EGFL7 Antibody, FITC conjugated

What is EGFL7 and why is it a significant target for research?

EGFL7 (Epidermal Growth Factor-like domain 7), also known as VE-statin, is a secreted protein specifically expressed by endothelial cells in normal tissues and by cancer cells in various human tumors . This protein plays critical roles in vascular development and angiogenesis. EGFL7 is particularly significant in oncology research because high levels correlate with higher tumor grade and poorer prognosis . EGFL7 functions as an extracellular matrix-associated protein expressed in activated endothelium, supporting endothelial cell adhesion and protecting endothelial cells from stress-induced apoptosis . Its ability to modulate tumor microenvironment by reducing immune cell infiltration makes it a valuable target for cancer immunotherapy studies . Researchers typically target EGFL7 to understand angiogenic mechanisms and potential therapeutic applications in cancer treatment.

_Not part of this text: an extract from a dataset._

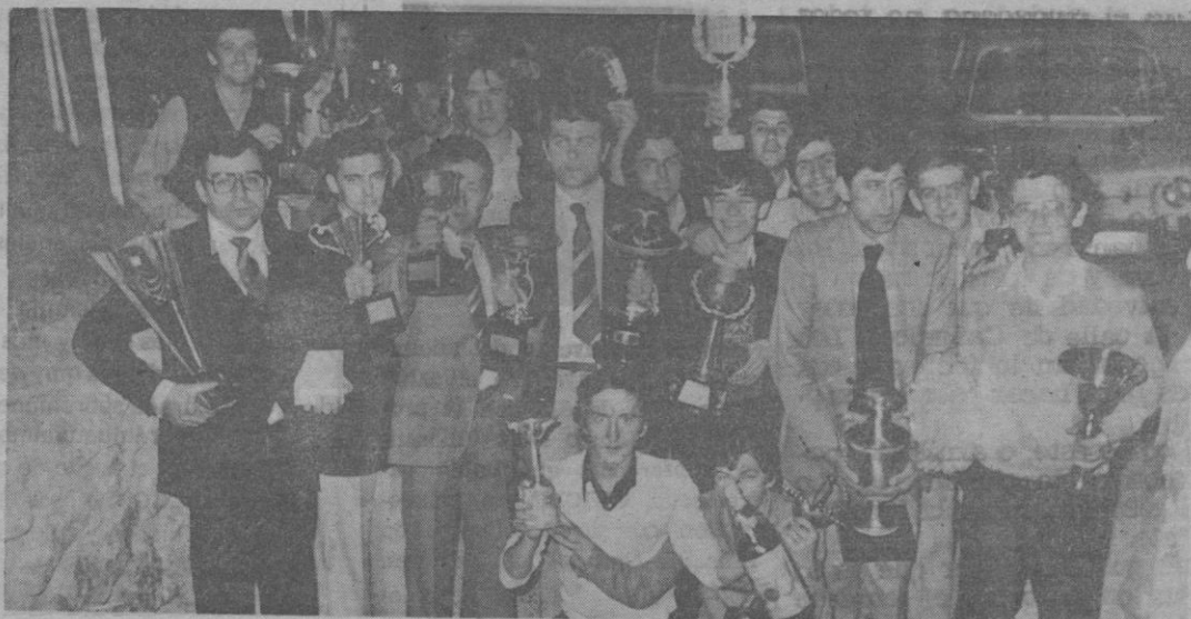
Un grupo de los vencedores en las categorías de jefes y ayudantes.

Con gran brillantez se celebró ayer en nuestra capital el VI Concurso Interprovincial de Coctelería, organizado por el Montepío de Camareros de Segovia, con el que colaboraron diversas marcas comerciales y entidades oficiales.

What are the optimal sample preparation protocols for using FITC-conjugated EGFL7 antibody in immunofluorescence?

For effective immunofluorescence with FITC-conjugated EGFL7 antibody, researchers should implement the following protocol:

• Fix tissue sections with paraformaldehyde (PFA) as demonstrated in the literature for EGFL7 staining

• When working with frozen sections, ensure proper cryoprotection to preserve antigen integrity

• During antibody incubation, use a concentration of approximately 0.1 μg of affinity-purified anti-EGFL7 antibody, similar to protocols established for rabbit anti-EGFL7 antibody

• Include appropriate blocking steps (typically 5-10% normal serum from the same species as the secondary antibody) to minimize non-specific binding

• For co-localization studies with endothelial markers like CD31, consider sequential staining approaches to avoid cross-reactivity

• Image using confocal or fluorescence microscopy systems capable of detecting FITC signal (such as Zeiss Z1 Axioimager with Apotome mentioned in the literature)

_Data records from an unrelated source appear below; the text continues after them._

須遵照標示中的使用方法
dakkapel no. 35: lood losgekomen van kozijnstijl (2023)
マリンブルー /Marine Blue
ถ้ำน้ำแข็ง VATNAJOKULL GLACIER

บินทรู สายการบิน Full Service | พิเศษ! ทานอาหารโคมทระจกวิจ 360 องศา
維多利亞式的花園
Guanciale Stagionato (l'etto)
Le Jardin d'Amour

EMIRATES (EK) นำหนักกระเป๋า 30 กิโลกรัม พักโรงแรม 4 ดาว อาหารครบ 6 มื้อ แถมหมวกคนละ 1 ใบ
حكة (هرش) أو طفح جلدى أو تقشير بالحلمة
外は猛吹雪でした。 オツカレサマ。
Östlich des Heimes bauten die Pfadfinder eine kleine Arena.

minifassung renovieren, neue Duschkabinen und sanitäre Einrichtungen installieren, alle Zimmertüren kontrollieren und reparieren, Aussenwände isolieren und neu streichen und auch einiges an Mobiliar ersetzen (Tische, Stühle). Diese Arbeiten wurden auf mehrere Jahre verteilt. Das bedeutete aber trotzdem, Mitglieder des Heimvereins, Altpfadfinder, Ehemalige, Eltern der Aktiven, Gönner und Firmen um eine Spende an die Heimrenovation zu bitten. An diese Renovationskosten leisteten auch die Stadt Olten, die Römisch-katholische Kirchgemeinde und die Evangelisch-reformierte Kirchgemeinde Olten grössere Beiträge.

This approach enables precise localization of EGFL7 in blood vessels, particularly in large vessels with distinct lumen which typically show strong EGFL7 signals .

How can researchers quantitatively analyze EGFL7 expression patterns in tumor vasculature?

Quantitative analysis of EGFL7 expression in tumor vasculature requires a systematic approach:

• Use automated image analysis software (such as Imaris, mentioned in the studies) to quantify microvascular density based on CD31 and EGFL7 co-staining

• Employ a standardized scoring system to categorize blood vessels as EGFL7-positive or negative

• Calculate the percentage of EGFL7-positive intratumoral blood vessels (research shows approximately 25-40% positive vessels in glioma specimens)

• For comparative analysis, use statistical methods to correlate EGFL7 expression with other vascular parameters such as pericyte coverage, vessel maturity, and leakiness

• Consider 3D reconstruction of confocal z-stacks to better visualize the spatial distribution of EGFL7 in complex vascular networks

• For temporal studies, establish consistent imaging parameters across timepoints to enable valid comparisons

This quantitative approach allows researchers to evaluate how EGFL7 expression correlates with vascular morphology, maturity, and functional properties within the tumor microenvironment.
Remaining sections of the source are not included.